Buying a Kid’s Horse
Allison Trimble

How to Make a Wise Investment in Your Child

by Allison Trimble

 

A pony can make a good first mount for young riders. Photo credit Catherine Madera

 

 

I have trained a number of youth—kids and their horses—and recently became the lucky step mom to a little boy who loves horses. While that hasn’t changed my rather strong opinion about kid’s horses, it has made it even more relevant.

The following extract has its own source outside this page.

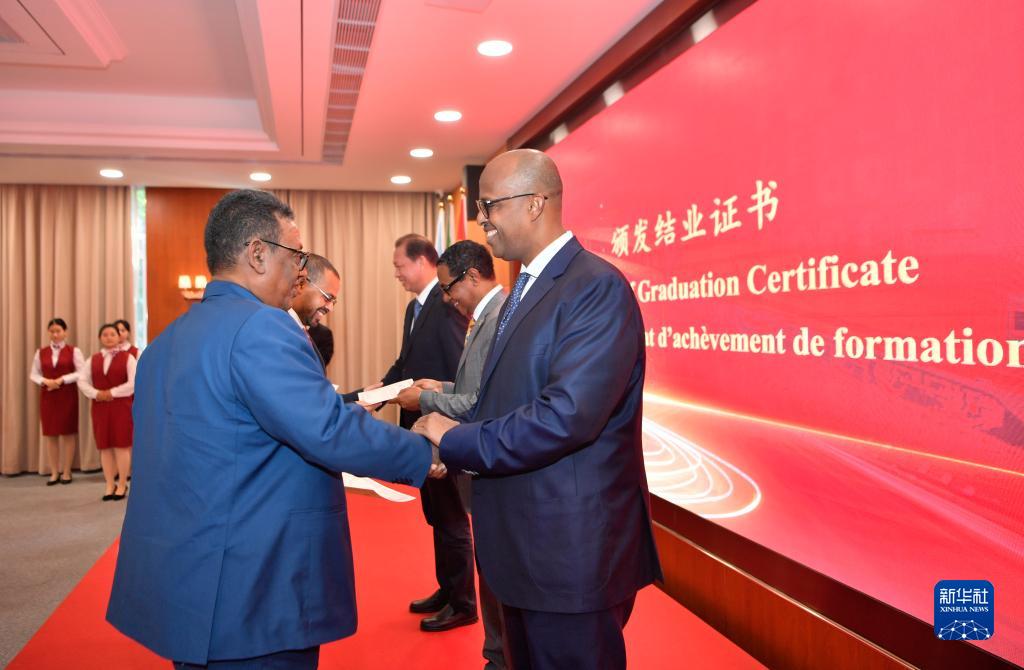 当日,首届亚吉铁路高层管理人员培训在天津铁道职业技术学院举行结业仪式。本届培训共有来自埃塞俄比亚、吉布提的35名技术、人事等高管参加,相继完成了为期两个月铁路运营方面的知识培训,未来将致力于亚吉铁路运营服务,助力当地经济社会发展。

There are so many positive things that children gain from having a horse in their life. It offers endless opportunity for learning about responsibility, success, struggle, compassion, perseverance and trust. I try to always remind parents that they are not investing in the horse, they are investing in their child. Making that mindset shift is very important. Finding the right horse for your child is paramount. I see so many children improperly mounted and I always cringe. Safety of the child is the first consideration. Always. Not winning, not color, breed, gender, size, or show record of the horse. None of that matters if your child becomes scared, or worse, gets seriously injured. Having a horse that is not suited to be a kid’s horse is both dangerous and discouraging. Here are a few things to keep in mind when shopping for a youth horse.

Kid Tested

Buy a horse that has already been a successful mount for another child who has outgrown him. Do not make your child the test dummy on a horse. Shop for a horse that is an established youth horse. Not all horses will tolerate children, and you don’t want to test that on your precious child. I would also encourage buying a horse that is somehow known to you, or someone you know. It is better to know exactly what you are dealing with than take a chance on an unknown.

Experience

A good kid’s horse has to have been exposed to a lot of different experiences and environments. Just like with people, experience comes with age and seasoning. A commonly quoted equation says that the age of the child, plus the age of the horse, should equal no less than 20 years. So, a 6-year-old child should have a horse that is 14+ years experienced. There are many healthy, sound, great aged horses out there. I often hear parents say that they want a horse to “grow up” with the child. This is a very dangerous thought process. Horses are not dogs, they are powerful, flight-based animals. Find a horse that can be a teacher for your child, not another pupil.

Price

Do not shop only a price on a horse; shop for the right horse. It is rare to find a really nice, seasoned, safe horse at a bargain price. Never bargain shop the safety of your child. If you can’t afford a suitable horse, then there are many great options for lesson programs where you do not have to own a horse. You can expose your child to many of the same experiences without risking their safety. A lot of parents who are horse shopping, are not horse people themselves. One common mistake I see is parents who overestimate the experience or knowledge of their child. Just because a child has a good seat, or rides a lesson horse well, does not mean that they are able to assess horses in general. I cannot tell you how many people call on 3-year-old horses I have for sale for their “very experienced” 11- year-old daughter. If you are not comfortable assessing a horse yourself, hire a trusted professional to help you in the process.

If you are looking at horses on your own, I want to emphasize a couple of points when you are shopping: Always watch the owner ride the horse first. If they are not willing to ride it, there is a reason. Do not put your child on any horse that you feel uncomfortable with. Have your child wear a helmet, even if this is not normal protocol. It is better to be safe than sorry.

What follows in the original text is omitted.